[[ Provided information, beginning ]]
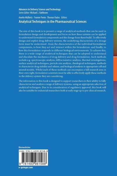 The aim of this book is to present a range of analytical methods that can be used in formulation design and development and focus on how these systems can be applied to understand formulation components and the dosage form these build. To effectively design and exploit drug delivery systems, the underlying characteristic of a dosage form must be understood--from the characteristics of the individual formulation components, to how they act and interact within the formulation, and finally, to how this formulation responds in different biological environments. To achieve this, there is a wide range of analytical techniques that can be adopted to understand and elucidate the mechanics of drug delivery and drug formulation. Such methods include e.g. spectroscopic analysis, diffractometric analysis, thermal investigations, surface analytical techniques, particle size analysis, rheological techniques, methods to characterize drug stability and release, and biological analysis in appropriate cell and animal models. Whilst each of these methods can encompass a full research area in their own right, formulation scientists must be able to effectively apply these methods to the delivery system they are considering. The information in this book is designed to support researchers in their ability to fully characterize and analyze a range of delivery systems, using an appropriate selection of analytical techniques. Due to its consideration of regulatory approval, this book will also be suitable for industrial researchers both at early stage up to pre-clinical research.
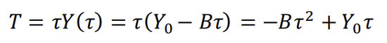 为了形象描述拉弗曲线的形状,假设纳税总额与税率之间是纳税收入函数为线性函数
[[ Provided information, end ]]
[[ Provided information, beginning ]]
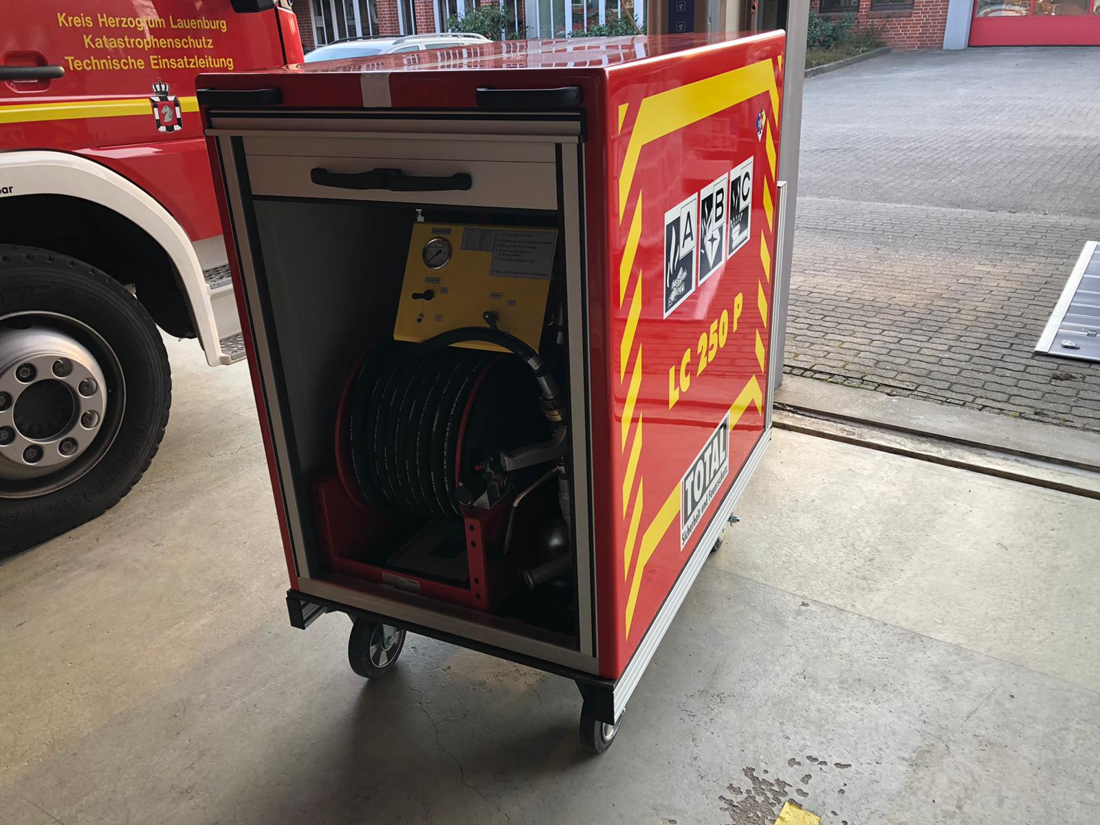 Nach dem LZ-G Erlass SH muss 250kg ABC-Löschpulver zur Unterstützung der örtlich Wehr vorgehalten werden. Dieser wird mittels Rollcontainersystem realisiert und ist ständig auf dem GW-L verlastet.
[[ Provided information, end ]]
Directions =
The material above holds pictures; leave them out and set down exactly the lines from the line with "The aim of this" to the line with "为了形象描述拉弗曲线的形状,假设纳税总额与税率之间是纳税收入函数为线性函数", both included.

Solved problem =
 The aim of this book is to present a range of analytical methods that can be used in formulation design and development and focus on how these systems can be applied to understand formulation components and the dosage form these build. To effectively design and exploit drug delivery systems, the underlying characteristic of a dosage form must be understood--from the characteristics of the individual formulation components, to how they act and interact within the formulation, and finally, to how this formulation responds in different biological environments. To achieve this, there is a wide range of analytical techniques that can be adopted to understand and elucidate the mechanics of drug delivery and drug formulation. Such methods include e.g. spectroscopic analysis, diffractometric analysis, thermal investigations, surface analytical techniques, particle size analysis, rheological techniques, methods to characterize drug stability and release, and biological analysis in appropriate cell and animal models. Whilst each of these methods can encompass a full research area in their own right, formulation scientists must be able to effectively apply these methods to the delivery system they are considering. The information in this book is designed to support researchers in their ability to fully characterize and analyze a range of delivery systems, using an appropriate selection of analytical techniques. Due to its consideration of regulatory approval, this book will also be suitable for industrial researchers both at early stage up to pre-clinical research.
 为了形象描述拉弗曲线的形状,假设纳税总额与税率之间是纳税收入函数为线性函数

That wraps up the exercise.